Allegation (e) was a matter for which the appellant bore sole responsibility. He borrowed the sum of £3,000 from a conveyancing client without insisting that the client receive independent advice. This was in May 1996. It should here be noted that this was the only disciplinary breach which postdated the first Tribunal hearing. The shortfalls in the client account which have I described occurred after the 1994 investigation but before the first Tribunal hearing. However, the more serious allegations, to which I shall now turn, arose out of events which had already occurred by the time of the 1994 investigation. These were allegations (j) and (k).
They involved the fraudster de Serville. It was not sought to be proved that the appellant was a party to the fraudulent scheme which de Serville was undoubtedly operating during the relevant period; that is the period leading up to the previous Tribunal proceedings. What is clear, however, is that the appellant's serious default in his duties as a solicitor enabled the fraud to be perpetrated. De Serville was heavily in debt to JFB, with whom he had had a previous business relationship. They were aware of his previous fraudulent activities and the fact that he had been struck off the Roll. However, they were still prepared apparently to trust and to deal with him. In order to recover his position with JFB, de Serville and an associate devised a scheme known as the "little earner" scheme. Cheap properties were bought at auction, hastily refurbished and sold at a profit. The appellant was asked to act for the eventual purchasers. He was asked to do that by de Serville. His fees were paid by de Serville.
The latter asked the appellant to allow him and/or an associate of his, in effect, to carry out the necessary legal work in connection with the transactions. The appellant permitted him to do so. At one point the appellant supplied de Serville with some of the firm's stationery for that purpose. The funds received as a result of the transactions were paid into and out of the firm's client account at de Serville's direction. In the light of de Serville's indebtedness to JFB, their interests in the proceeds of the sales should have been registered or otherwise protected. In fact, however, the whole or a substantial part of the proceeds were wrongfully diverted to de Serville himself or one of his companies, for example Choses Nominees.
The appellant made these payments at de Serville's direction. He was paid £300 per transaction for his services. It subsequently became clear that de Serville had used the facilities afforded him by the appellant to create forged letters purporting to come from the appellant's firm as a means of covering up his dishonest activities. The precise mechanism of the fraud, for the purposes of this appeal, does not matter.

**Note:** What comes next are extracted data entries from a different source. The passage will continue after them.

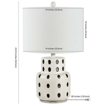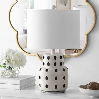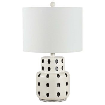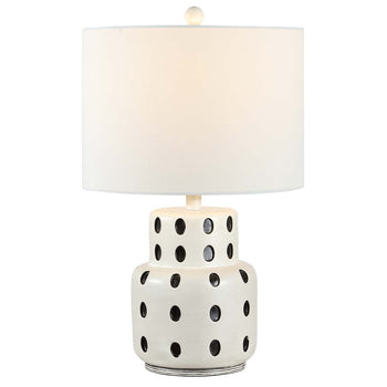 Give your decor a soft touch of whimsy with this Kencia Table Lamp. A geometric stylization of the classic gourd silhouette, Kencia's streaming indented black dots over soft cream resin resound with a decorative sense of motion.
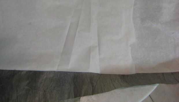 Planchada 2 piezas juntos 3 veces, luego fundido juntos para hacerlo. Que cortar por la mitad y había fusionado con los lados cortados en la parte inferior. Luego dobla la parte inferior hasta cerca de 8cm y colocar el papel entre y sobre los pliegues al hierro en un pliegue (por lo que la parte inferior de las flores podía permanecer mojada).
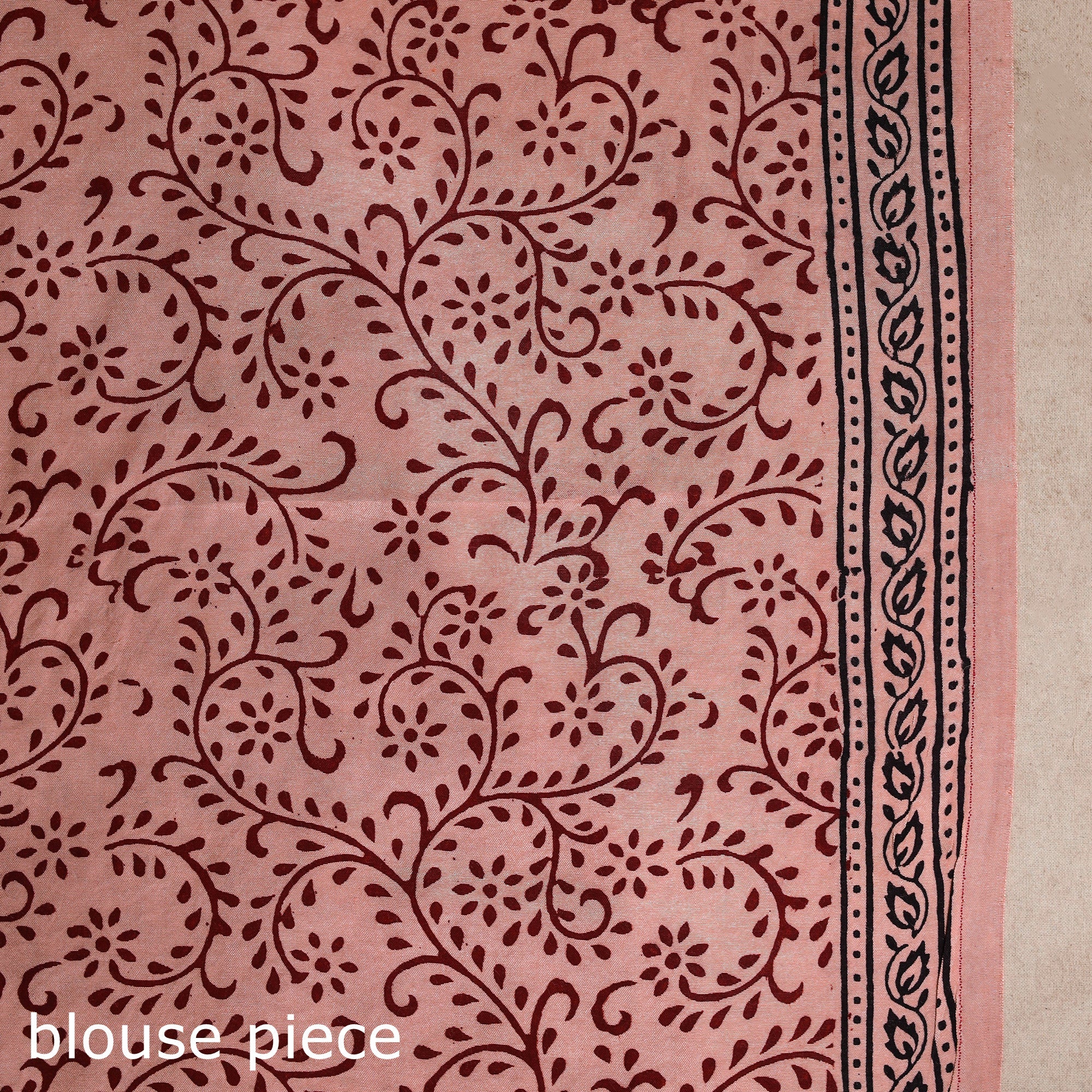Hand block-printed peach bagh dola silk saree. Made by skilled artisans, this saree features intricate patterns and rich colours created using natural dyes. Each piece reflects the traditional Bagh printing style, a craft that originates from the Dhar district of Madhya Pradesh. Its elegant appearance and handcrafted charm make it a perfect choice for festive occasions, everyday wear, or even as a thoughtful gift.
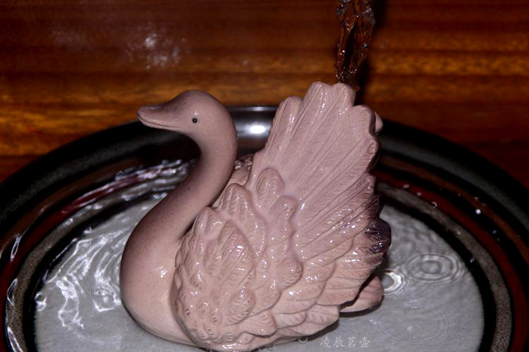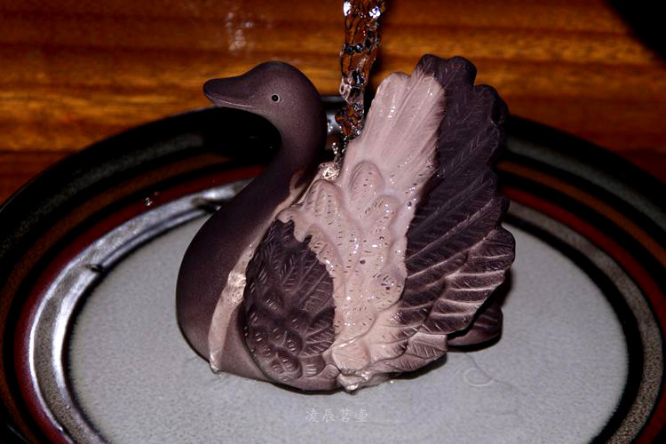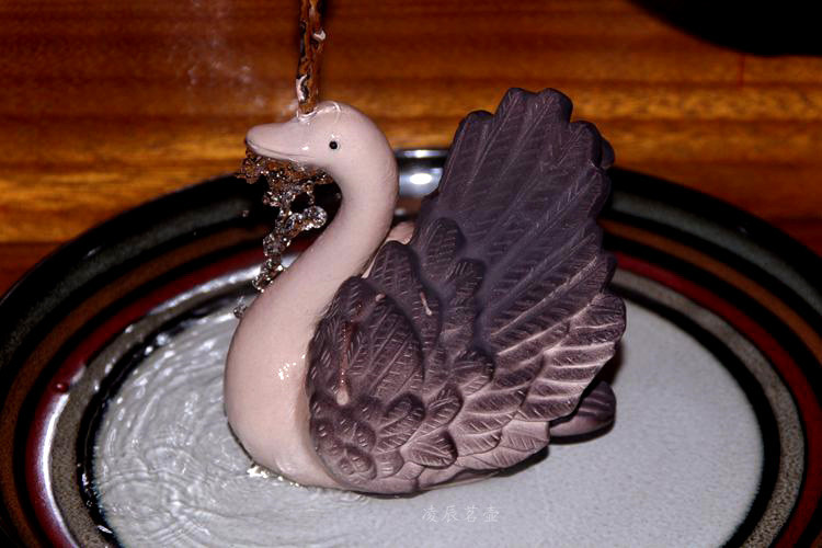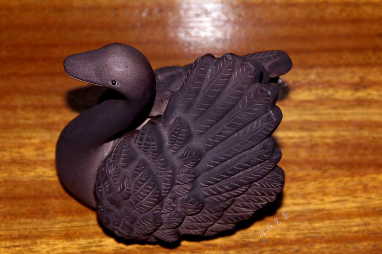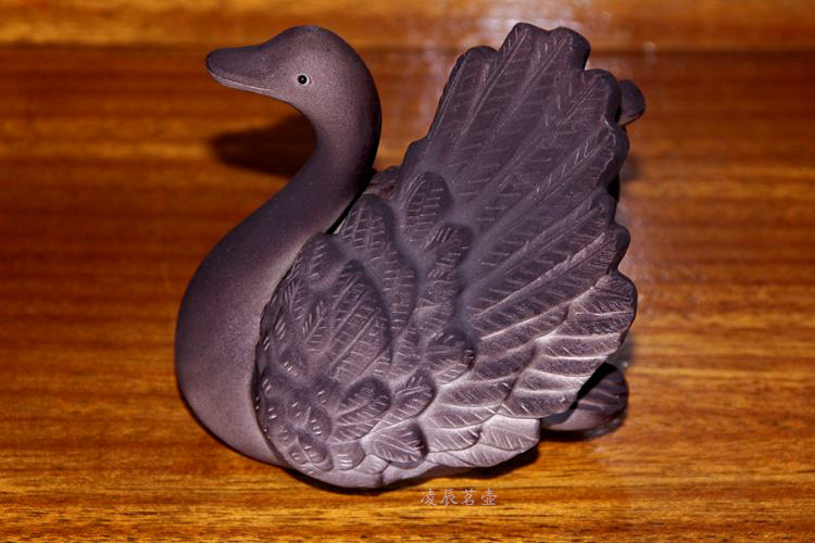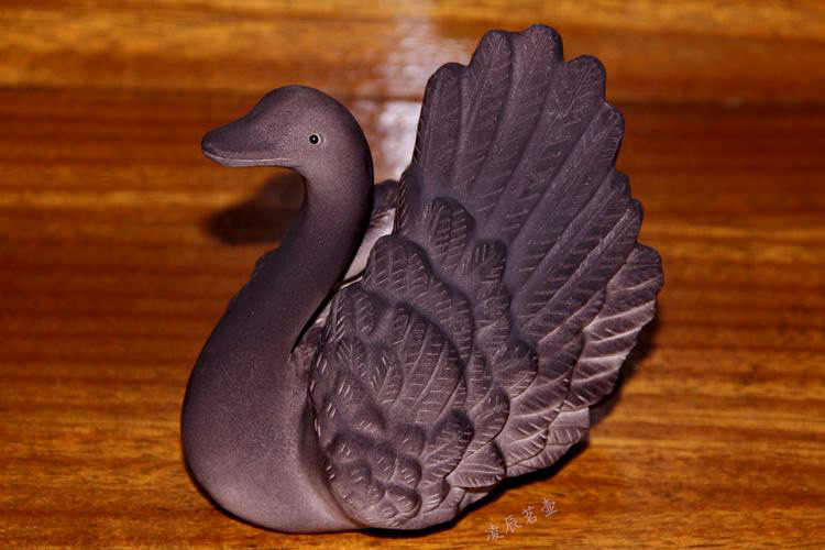 紫砂變色天鵝新品宜興變色茶寵茶玩雕塑擺件黑天鵝變白天鵝鵝
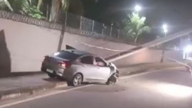 Um carro, cujo modelo e placa ainda não foram divulgados, trafegava em alta velocidade quando atingiu um poste da rede de energia elétrica, na Avenida das Torres, Zona Norte de Manaus.
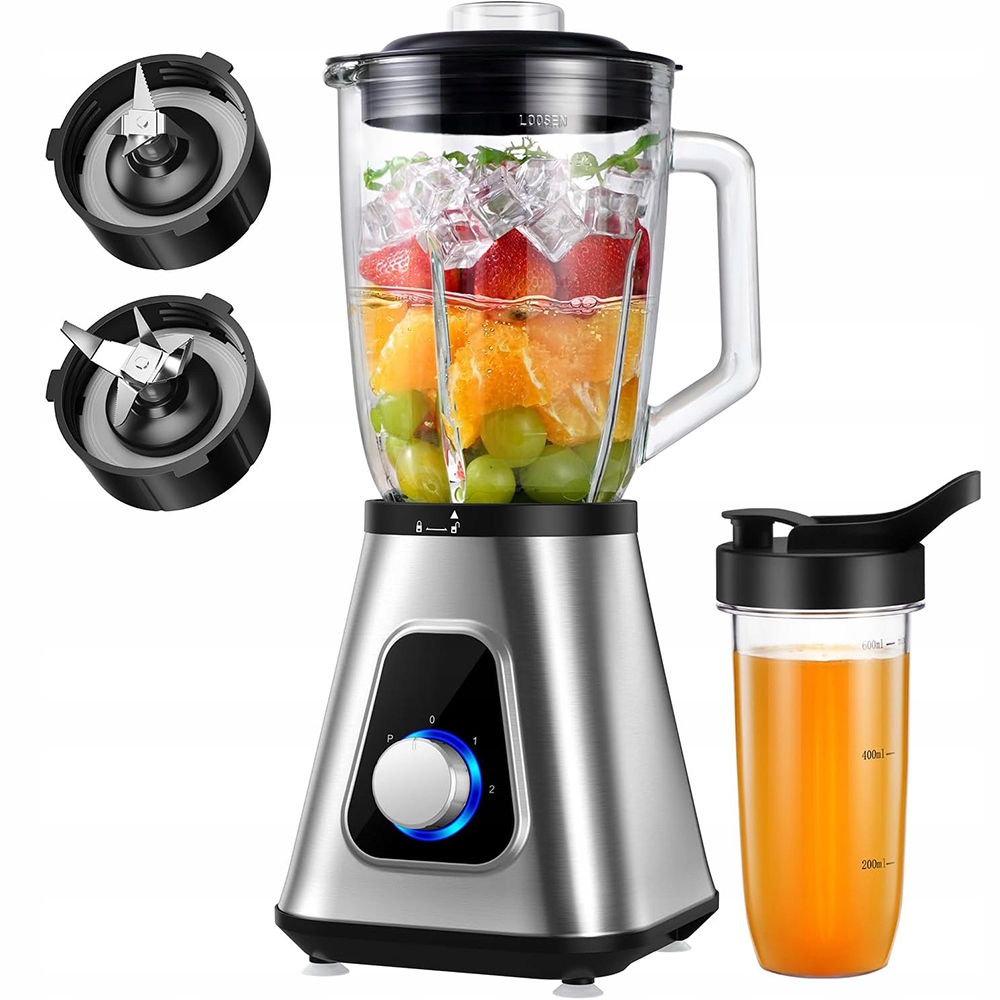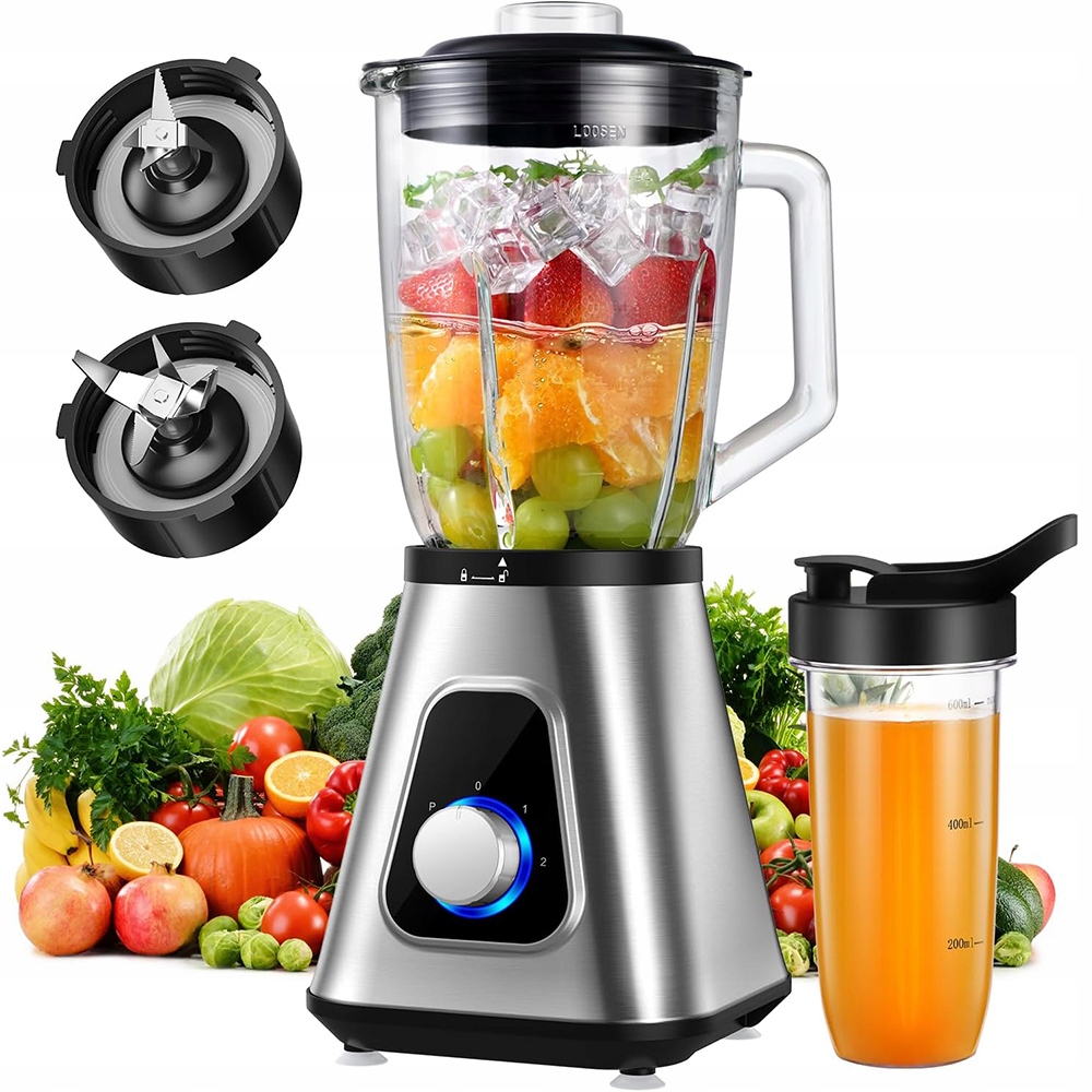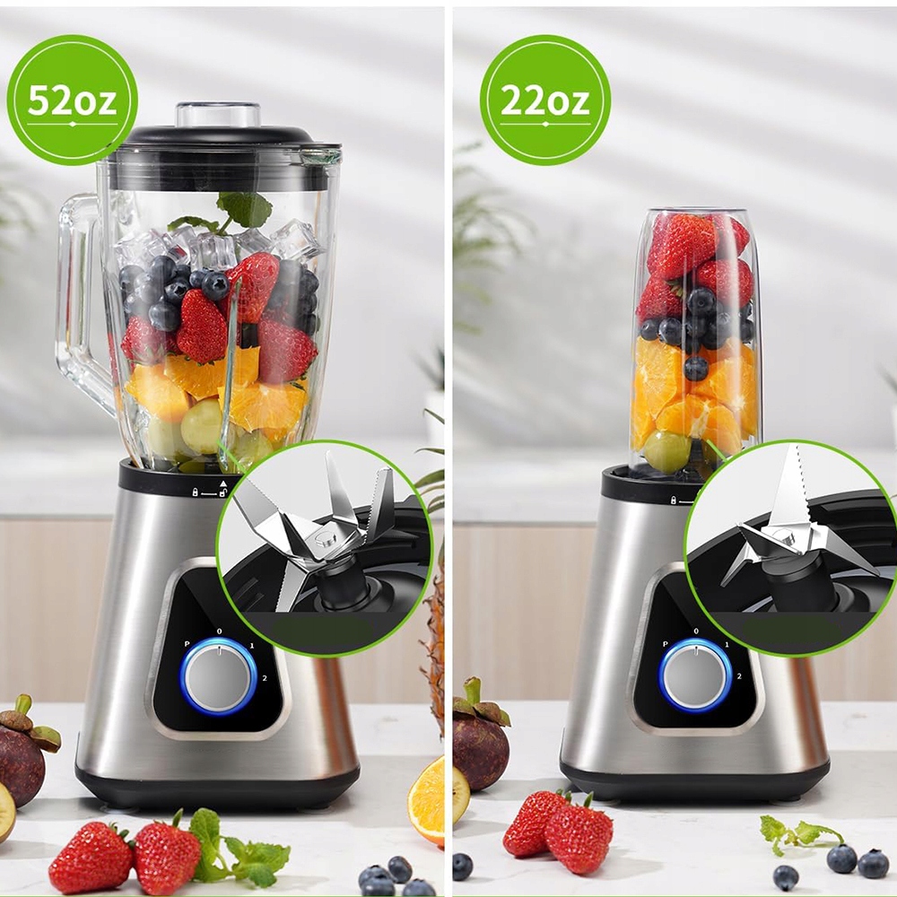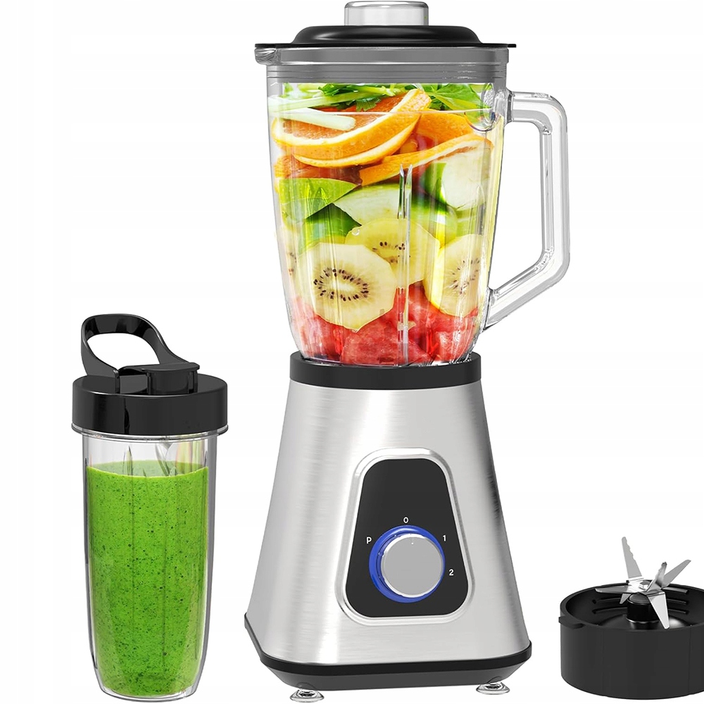 - ✨ Оснащенный мощным двигателем мощностью 1300 Вт и лезвиями из нержавеющей стали, он быстро и эффективно измельчает лед и замороженные фрукты, легко готовя соки, смузи и молочные коктейли.
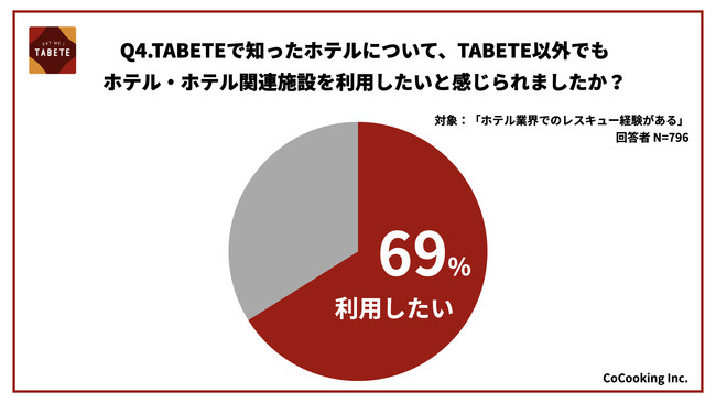 4) TABETEきっかけで67%が「ホテルを通常利用したい」と回答
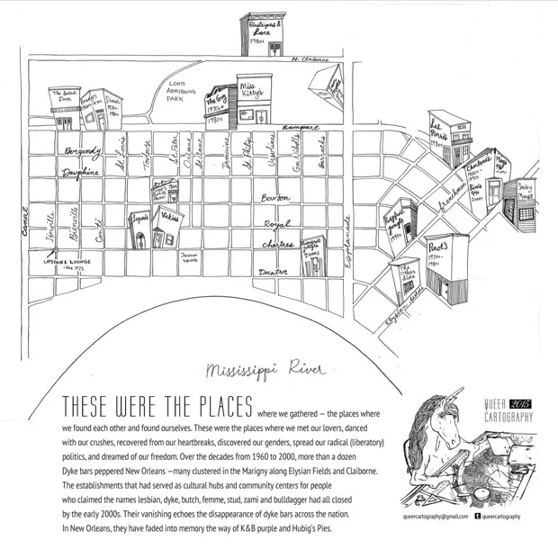 新奥尔良所有已关闭女同性恋酒吧的地图。酷儿制图/最后呼叫“我们需要存在的空间,社交的空间,组织的空间,真正做自己的空间,”米切尔说。在老一辈人讲述的最后呼叫播客故事中,几十年前的女同性恋酒吧就是这样的地方。在一个 专门讲述查尔琳酒吧的节目中,该酒吧从1977年到1999年在伊利西安田开放,前常客艾伦·拉宾说,酒吧老板“给人们带来了他们最大的快乐,因为他们有地方可以去。”警察突袭和人行道上的暴力围绕着酒吧,但在里面,它们是安全的避风港。另一位常客说,走进查尔琳酒吧就相当于说“我在这里,你不能打扰我。”
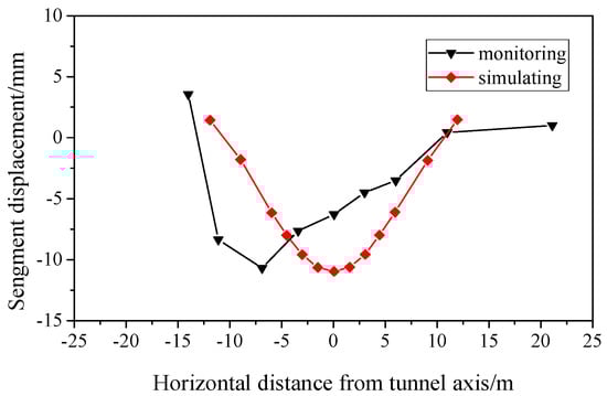 The horizontal settlement trough of the ground surface after the shield machine passed completely during the construction period was compared with the field observation. As shown in Figure 8, the simulated surface settlement trough presented a standard bell-shaped curve, with a maximum settlement of −10.98 mm directly above the tunnel axis. The simulated results were consistent with the value and distribution of the monitored surface settlement trough. However, the monitored surface settlement trough had a certain asymmetry, which was different from the simulation results. The possible reason is that the shield machine has a large horizontal axis deviation during the tunneling process, and the numerical model established in this paper does not consider the deviation of the shield machine from the tunnel axis.
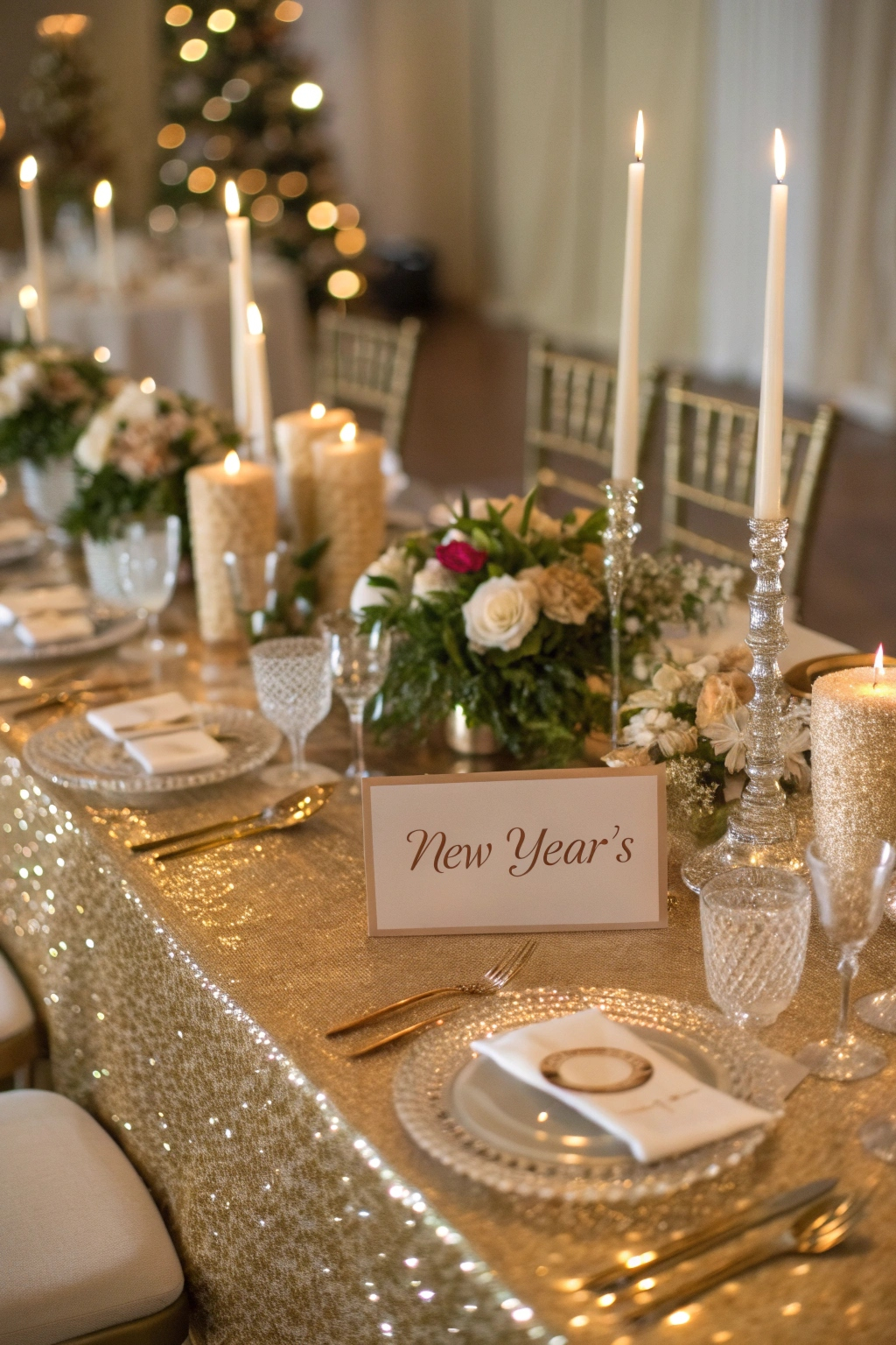 Glittering candles add sparkle, while chic centerpieces featuring lush blooms or crystal accents elevate the ambiance.

An associate of de Serville was introduced into the appellant's business to deal with de Serville's transactions. However, no effective supervision was exercised over him by the appellant, thereby allowing free rein for the perpetration of fraud. Eventually JFB discovered the fraud and took bankruptcy proceedings against de Serville, who owed them over £1 million. Civil proceedings by JFB against the appellant resulted in a judgment of £220,000 and costs against him. The court has been told that the whole or a large part of that judgment remains outstanding, but the appellant is determined to pay the debt rather than to be declared bankrupt.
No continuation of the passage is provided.